The School of No Choice

Having once attended a public middle school in a good neighborhood where walking the hallways was, nonetheless, an occasion for fear, I am passionate in my support for school choice. As such, I am equally contemptuous of those elected officials who prate about weakening the public school system. In an incisive column over at Townhall, Ed Feulner takes on the hypocrisy of these
same officials, many of whom send their own children to private schools.

I suspect the support of the teachers' unions or the noble principle of public education is of more import than the fate of inner city children who have no other means of escape from dangerous, overcrowded, substandard schools. Until these same politicos can make inner city schools safe beacons of learning, the least they can do is continue the voucher system as in Washington DC. It will not save everyone, but it might provide some much needed stimulus for reforming the public school system.

Sunday, April 26, 2009

Sunday Cinelarities

It's Alive.
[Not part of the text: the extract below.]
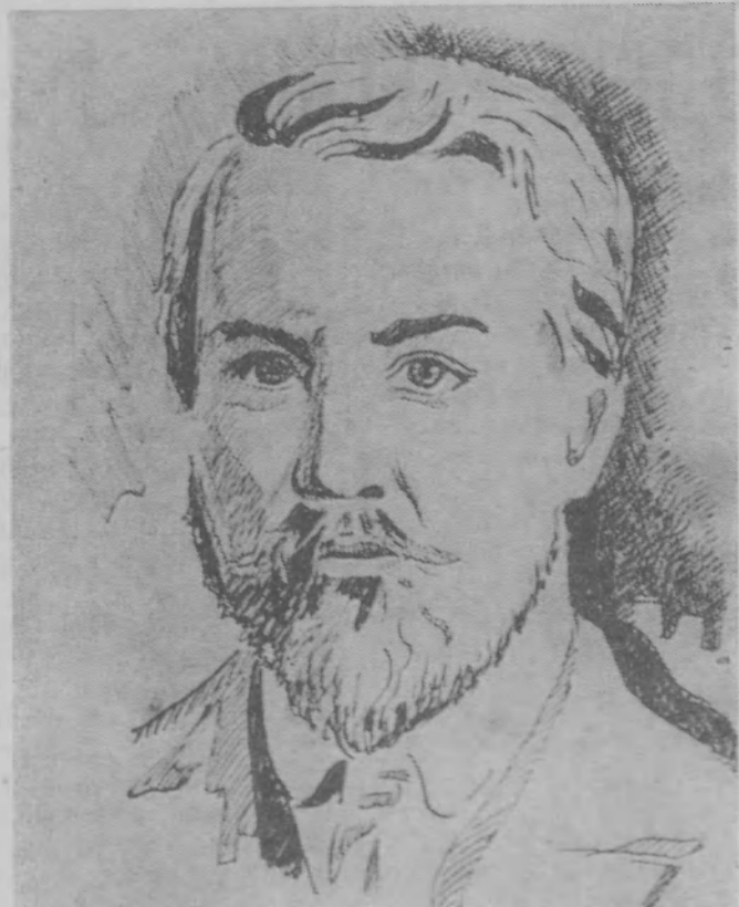
В. А. Серов. Рис. А. Втюрина.

Let's start with Austin Hill over at Townhall who sees Obama as "Awakening the Welfare Recipient Within," a metaphor for the growing divide between those who believe in entitlements of all stripes and those who adhere to the traditional values of independence and self-reliance. Read it here.

12 Angry Men. Okay, more than that and women, too, at the GE shareholders meeting. Seems some of the aforementioned are not too happy at what the Immelt/Zucker regime has wrought over at MSNBC/NBC, at the increasingly left wing tenor of the reportage. Heck, I wrote to the parent company the first time Olbermann went off the reservation. You see what a difference that made. Read all about it.
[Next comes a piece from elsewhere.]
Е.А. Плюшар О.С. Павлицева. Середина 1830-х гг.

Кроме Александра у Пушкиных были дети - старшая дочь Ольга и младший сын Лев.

Stone Cold. Here's a bit of interest from the Cold War via Commentary. Seems respected journalist, I.F. Stone was, at least for part of his career, in league with the Soviets. It's of particular interest to me because I look forward to the day when we find out exactly why certain notables are so ready to defend the ruling military junta in Cuba.
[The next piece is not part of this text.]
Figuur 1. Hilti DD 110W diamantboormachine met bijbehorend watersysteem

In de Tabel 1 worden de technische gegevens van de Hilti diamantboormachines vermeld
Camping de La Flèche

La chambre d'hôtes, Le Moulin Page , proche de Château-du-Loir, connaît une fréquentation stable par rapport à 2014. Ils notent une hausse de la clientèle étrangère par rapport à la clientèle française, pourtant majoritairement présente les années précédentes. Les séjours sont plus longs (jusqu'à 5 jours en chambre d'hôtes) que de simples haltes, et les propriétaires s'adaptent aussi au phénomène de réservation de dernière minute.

The Front Page. Senator Kerry, concerned that the Boston Globe might fail, sent them a letter lamenting what their loss would mean. You know, all that stuff about a "diversity of opinion" and an informed public. Memo: Perhaps if these journalistic behemoths had been presenting a diversity of opinion and truly informing the public, they would not be on the ropes. Washington Times article by Jennifer Harper here.

They Came from Beyond Space. In the science corner, Edgar D. Mitchell, Apollo 14 astronaut, disclosed that they truly are out there, at least, according to this on Fox News. At bit closer to home, there is apparently a tome devoted to soap. Don't laugh. Hygiene has extended human life span more that medical developments, at least according to some documentary or other. Review of the Kathleen Brown book by David Aikman at the Weekly Standard. Final thought, keep an eye on the Mexican Swine Flu, but don't panic...yet.